Australian governments have spent unprecedented sums on transport infrastructure in the past decade, and while important projects have been built, the overall investment has been poorly directed.

Our big cities are the engines of Australia’s economic growth, but investment has not prioritised vital urban freight and passenger routes. Our largest cities now face increasing congestion, and competition between passengers and freight.

Too much money has been spent on the wrong projects in the wrong places. In particular, governments have spent up big in electorates where federal elections are won and lost, funding roads that are not very important to the economy, but are popular with local voters.

This ad hoc approach to infrastructure investment missed opportunities and wasted money. In some cases, return on investment has been staggeringly low. Project evaluation shows one highway upgrade between Geelong and Colac, not a project of national significance, is expected to yield a return of just eight cents for each dollar spent.

Canberra’s light rail, now being built, is likely to provide no more benefits than bus rapid transit but cost more than twice as much.

One difficulty is that there is little to stop politicians making dubious commitments on the basis of weak or undisclosed business cases, and particularly during election campaigns. Without more public information on potential projects, the public can’t be sure that funds will be spent wisely.

Oversight mechanisms aren’t working. Since 2012 over half of Commonwealth infrastructure spending has gone to projects where Infrastructure Australia has not published an evaluation.

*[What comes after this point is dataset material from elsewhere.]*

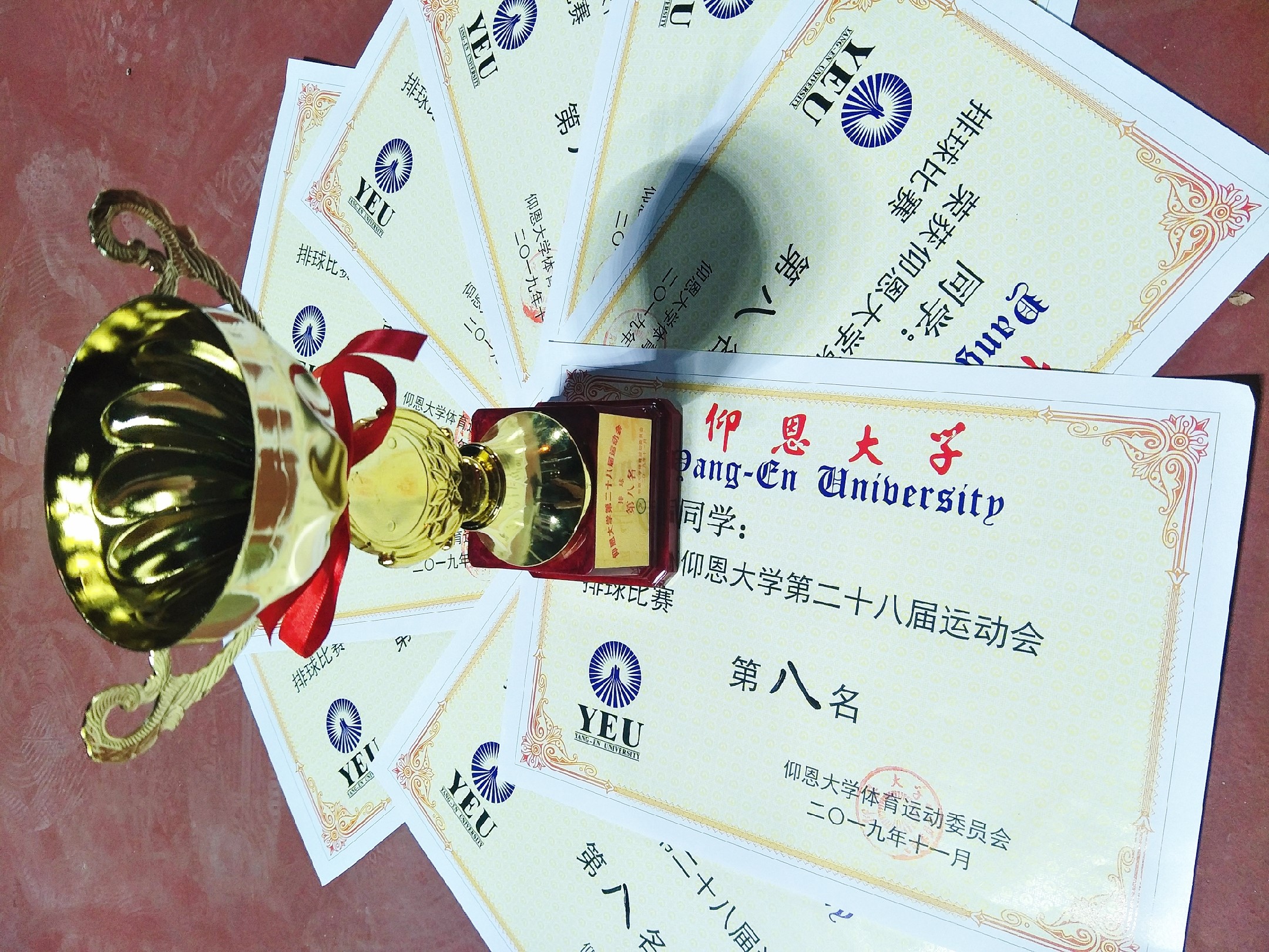 11月4日晚,仰恩大学第28届运动会排球比赛颁奖仪式于第一教学区男生宿舍操场正式举行。通过激烈的竞争,市场营销系代表队在比赛中取得第八名的好成绩。

States have spent billions more with little transparency.

A better approach would be for an independent body to assess all infrastructure proposals rigorously on a like-for-like basis. The assessment of the net benefits should then be tabled in the parliament, and only then should governments be able to go ahead and commit public money.

Once governments are only building projects where the community benefit clearly outweighs the cost, their second step should be aim to build all such projects.